The 2007 World Squash Awards' Lifetime Achievement award was made to Heather McKay, AM, MBE, the distinguished Australian who won 16 consecutive British Open titles between 1962 and 1977. Considered by many to be the greatest female player in the history of the game, and possibly also Australia's greatest-ever sportswoman, Heather dominated the women's squash game in the 1960s and 1970s. She lost only two matches in her entire career (in 1960 and 1962), and was unbeaten in competitive squash matches from 1962 through to 1981, when she retired from active open squash.
Mrs McKay was disappointed not to have been able to attend the Awards: "I know the award has been awarded only twice before, to two of the legends of squash, Jahangir Khan and Jonah Barrington, so I am honoured to be the first female to receive this award," said McKay in a message read out at the ceremony.
"As you may have already guessed, squash has been a major part of my life having first started playing in 1959, winning my first major championship The Australian in 1960 and eventually retiring from open squash in 1981. I had no idea that when I had my first hit of squash I would be lucky enough to travel the world and make friends world wide, some of whom I still keep in touch with."
A special Services to Squash award was made to veteran squash correspondent Dicky Rutnagur.

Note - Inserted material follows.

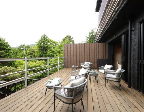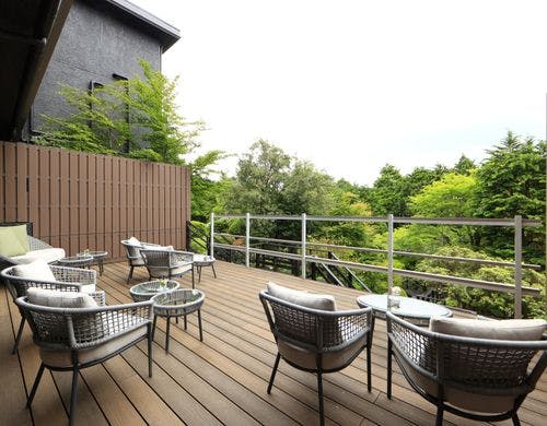 富士山が望める数少ない別荘地に位置し大自然を満喫できるモダン旅館。全9室源泉かけ流し半露天風呂付きで心ゆくまで湯浴みをお愉しみいただけます。

Widely believed have seen more top class competition squash than any other man alive, D.J. Rutnagur began covering the sport for the Daily Telegraph at the time that Hashim Khan made his international breakthrough - and has reported on all the sport's greats since then.
Those attending the 2007 Awards included England heroes Nick Matthew, James Willstrop and Peter Barker, who led England to a successful defence of the Men's World Team Championship title earlier in the month in India - and coach David Pearson; Award-winners Camille Serme and Shelley Kitchen; Australia's recently retired former world No4 Anthony Ricketts; former world champion Vanessa Atkinson, from the Netherlands; England's Jenny Duncalf and Alison Waters, members of the 2006 Women's World Team Championship-winning squad; England's former world No2 Peter Marshall; England captain and former World Doubles champion Chris Walker; Yorkshireman Simon Parke, the former US Open champion; Essex's Daryl Selby and Lauren Briggs; and former British National champion Geoff Williams.
The event was staged for the third year by Eventis Sports Marketing, the company formed by four-times Commonwealth Games gold medallist Peter Nicol and fellow directors Tim Garner and Angus Kirkland.